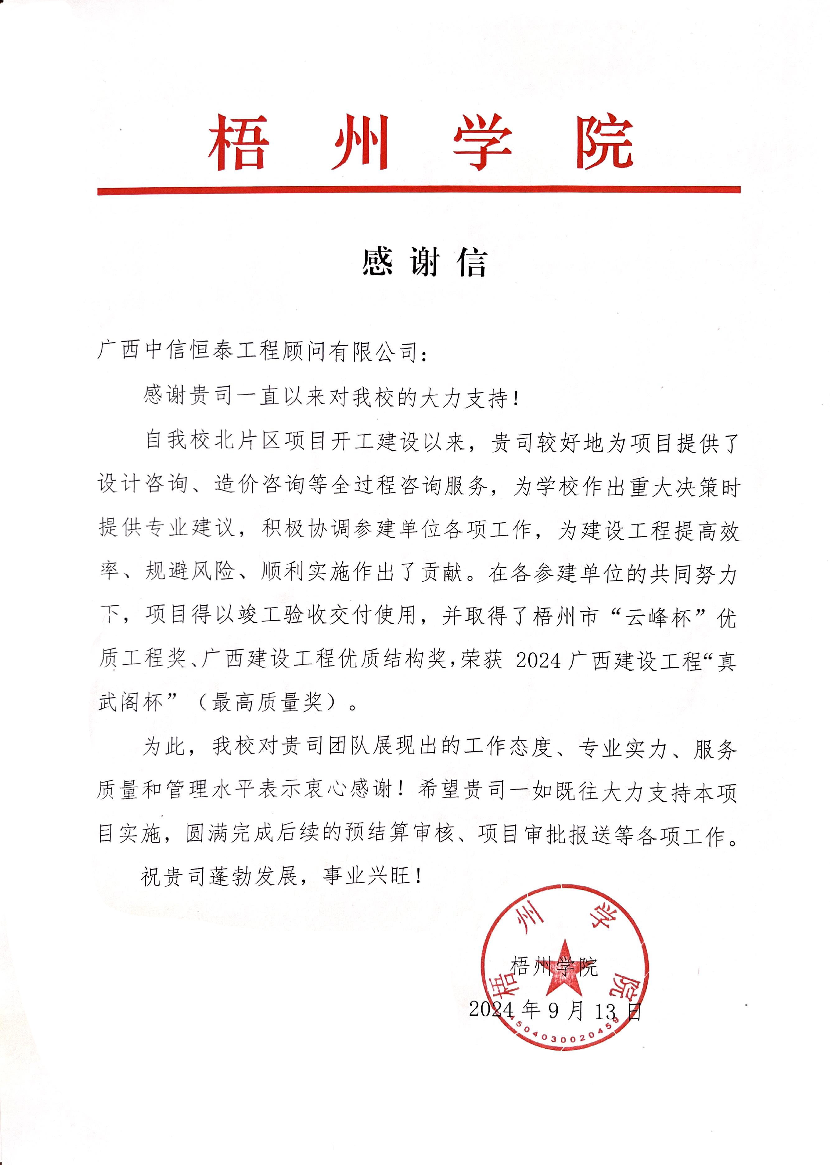 信中提到,自梧州學(xué)院北校區(qū)項目開工建設(shè)以來,中信恒泰憑借在全咨領(lǐng)域的專業(yè)優(yōu)勢,為項目提供了全面且深入的全過程咨詢服務(wù)。項目全咨團(tuán)隊不僅具備高度的專業(yè)素養(yǎng),還展現(xiàn)出了極強(qiáng)的責(zé)任心和敬業(yè)精神,積極協(xié)調(diào)各參建單位,確保項目順利推進(jìn)。在各參建單位的共同努力下,項目取得了梧州市“云峰杯”優(yōu)質(zhì)工程獎、廣西建設(shè)工程優(yōu)質(zhì)結(jié)構(gòu)獎、2024廣西建設(shè)工程“真武閣獎”(最高質(zhì)量獎)等榮譽(yù)。對此,梧州學(xué)院對中信恒泰項目全咨團(tuán)隊展現(xiàn)出的工作態(tài)度、專業(yè)實力、服務(wù)質(zhì)量和管理水平表示衷心的感謝。
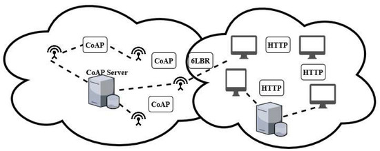 CoAP was proposed by constrained restful environment working group (CORE) in the Internet Engineering Task Force (IETF) [17]. CoAP works for constrained devices at the application layer. For communication, IPV6 over Low Power Personal Area Network (6LoWPAN) provides the usage of IPv6 communication among the sensing devices. IoT devices can communicate in CoAP by using the user datagram protocol (UDP) at the transport layer and 6LoWPAN [18]. Interactions in a constrained network like IoT running CoAP can be either between devices or the client/server, where one of the devices can act as a client and one dedicated device acts as a server [19]. Figure 2 shows the integration of CoAP with the Internet. CoAP itself acts as an internal network, which means that a CoAP client request can only be processed by the CoAP server. CoAP, otherwise, can be extended and can process HTTP client requests using the CoAP/HTTP mapping process, as CoAP acts as a subset of HTTP. The 6LoWPAN border router (6LBR) can be used to establish this connection.
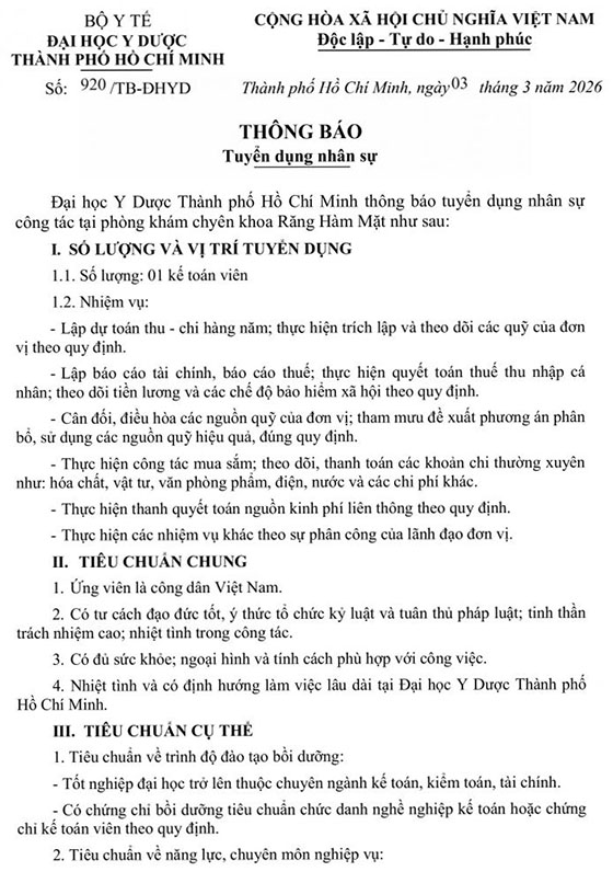 Đại học Y Dược Thành phố Hồ Chí Minh thông báo tuyển dụng nhân sự công tác tại phòng khám chuyên khoa Răng Hàm Mặt như sau:
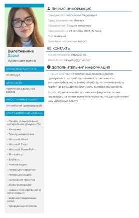 Образование: высшее Знание языков: Гражданство: РФ Возраст: 32года Пол: ж О себе: активная, коммуникабельная, ставлю цель и добиваюсь, в поисках подрабо...
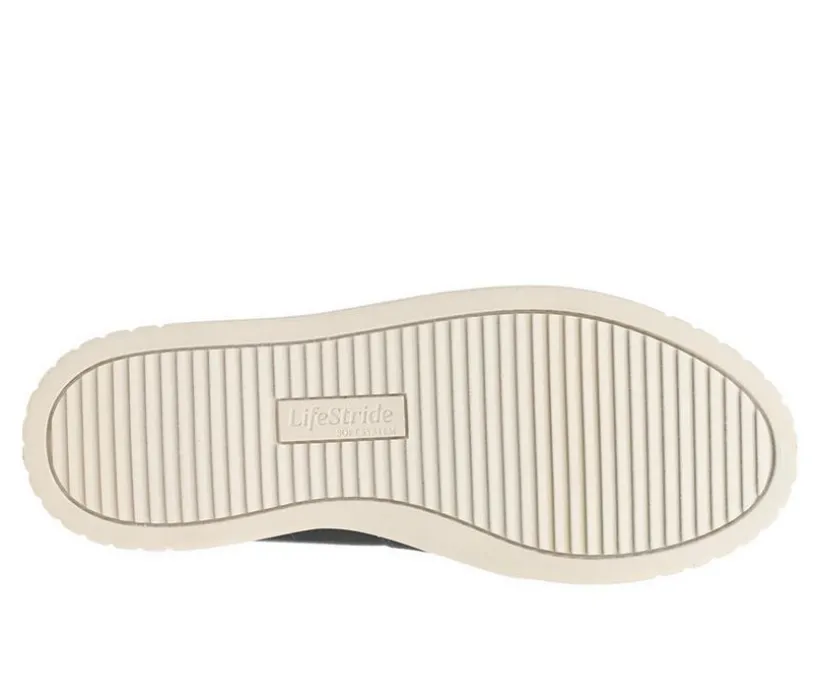 Step into sleek comfort with these modern slip-on sneakers from LifeStride. Designed with a smooth synthetic upper and a sporty platform sole, these shoes blend casual style with everyday wearability. The stretch panels allow for easy on and off, while the cushioned insole ensures soft support with every step. Finished with a flexible, grippy outsole, these sneakers are perfect for workdays, errands, or weekend relaxation.
|---|
§ Task description: Reproduce every line of the material above, but drop the pictures.

§ Task answer:
 信中提到,自梧州學(xué)院北校區(qū)項目開工建設(shè)以來,中信恒泰憑借在全咨領(lǐng)域的專業(yè)優(yōu)勢,為項目提供了全面且深入的全過程咨詢服務(wù)。項目全咨團(tuán)隊不僅具備高度的專業(yè)素養(yǎng),還展現(xiàn)出了極強(qiáng)的責(zé)任心和敬業(yè)精神,積極協(xié)調(diào)各參建單位,確保項目順利推進(jìn)。在各參建單位的共同努力下,項目取得了梧州市“云峰杯”優(yōu)質(zhì)工程獎、廣西建設(shè)工程優(yōu)質(zhì)結(jié)構(gòu)獎、2024廣西建設(shè)工程“真武閣獎”(最高質(zhì)量獎)等榮譽(yù)。對此,梧州學(xué)院對中信恒泰項目全咨團(tuán)隊展現(xiàn)出的工作態(tài)度、專業(yè)實力、服務(wù)質(zhì)量和管理水平表示衷心的感謝。
 CoAP was proposed by constrained restful environment working group (CORE) in the Internet Engineering Task Force (IETF) [17]. CoAP works for constrained devices at the application layer. For communication, IPV6 over Low Power Personal Area Network (6LoWPAN) provides the usage of IPv6 communication among the sensing devices. IoT devices can communicate in CoAP by using the user datagram protocol (UDP) at the transport layer and 6LoWPAN [18]. Interactions in a constrained network like IoT running CoAP can be either between devices or the client/server, where one of the devices can act as a client and one dedicated device acts as a server [19]. Figure 2 shows the integration of CoAP with the Internet. CoAP itself acts as an internal network, which means that a CoAP client request can only be processed by the CoAP server. CoAP, otherwise, can be extended and can process HTTP client requests using the CoAP/HTTP mapping process, as CoAP acts as a subset of HTTP. The 6LoWPAN border router (6LBR) can be used to establish this connection.
 Đại học Y Dược Thành phố Hồ Chí Minh thông báo tuyển dụng nhân sự công tác tại phòng khám chuyên khoa Răng Hàm Mặt như sau:
 Образование: высшее Знание языков: Гражданство: РФ Возраст: 32года Пол: ж О себе: активная, коммуникабельная, ставлю цель и добиваюсь, в поисках подрабо...
 Step into sleek comfort with these modern slip-on sneakers from LifeStride. Designed with a smooth synthetic upper and a sporty platform sole, these shoes blend casual style with everyday wearability. The stretch panels allow for easy on and off, while the cushioned insole ensures soft support with every step. Finished with a flexible, grippy outsole, these sneakers are perfect for workdays, errands, or weekend relaxation.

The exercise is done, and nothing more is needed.